Эта цель должна быть достигнута через законодательство социального государства и коллективные переговоры независимых сторон о тарифах. Политики социального государства получают легитимацию на всеобщих выборах и находят для себя общественный базис в автономных профсоюзах и в рабочих партиях. Однако же решающее слово по поводу успеха проекта принадлежит только мощи и способности к действиям интервенционистского государственного аппарата. Этот аппарат должен вмешиваться в хозяйственную систему с тем, чтобы заботиться о капиталистическом росте, сглаживать кризисы — и в то же время обеспечивать международную конкурентоспособность предприятий и рабочих мест, чтобы возникал прирост, который можно было бы перераспределять, стимулируя частных инвесторов. Это проясняет методическую сторону: компромисса социального государства и ослабления классовых антагонизмов следует достигать посредством вмешательства демократически легитимированной государственной власти ради сохранения и сглаживания естественного процесса капиталистического роста.
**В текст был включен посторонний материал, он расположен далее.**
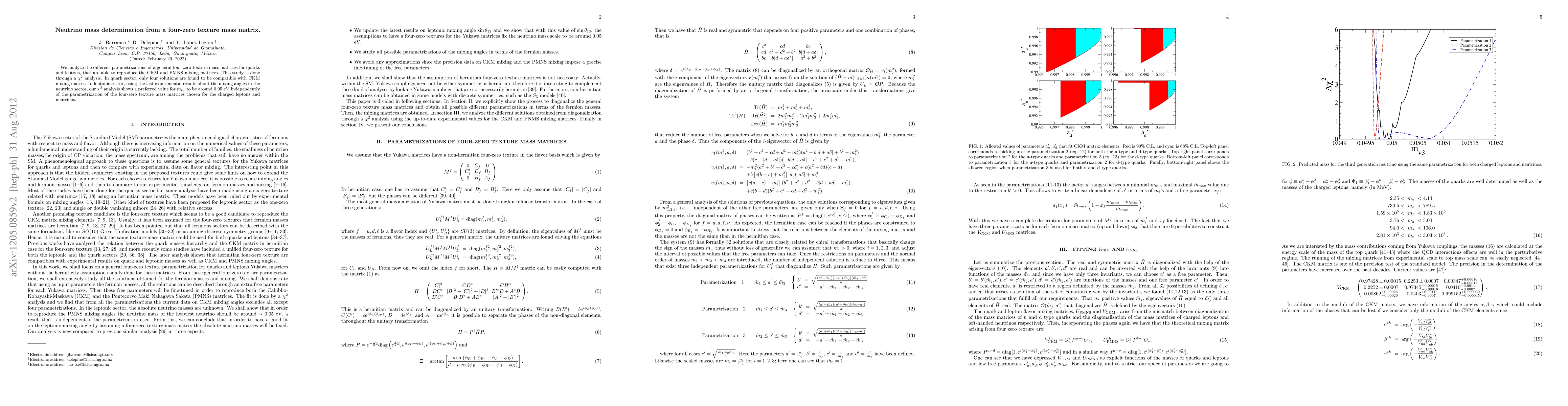 This paper explores four-zero texture mass matrices for quarks and leptons to reproduce observed mixing matrices, finding four compatible solutions for quarks and a preferred neutrino mass value of approximately 0.05 eV for m_nu_3 through Chi-Square analysis.

Субстанциальная сторона этого проекта подпитывается остатками утопии трудового общества: когда статус рабочих и служащих нормализуется с помощью гражданских и социальных прав на участие в прибылях, массы населения получают шанс жить при свободе, социальной справедливости и растущем благосостоянии. При этом предполагается, что путем государственного вмешательства можно обеспечить мирное сосуществование между демократией и капитализмом.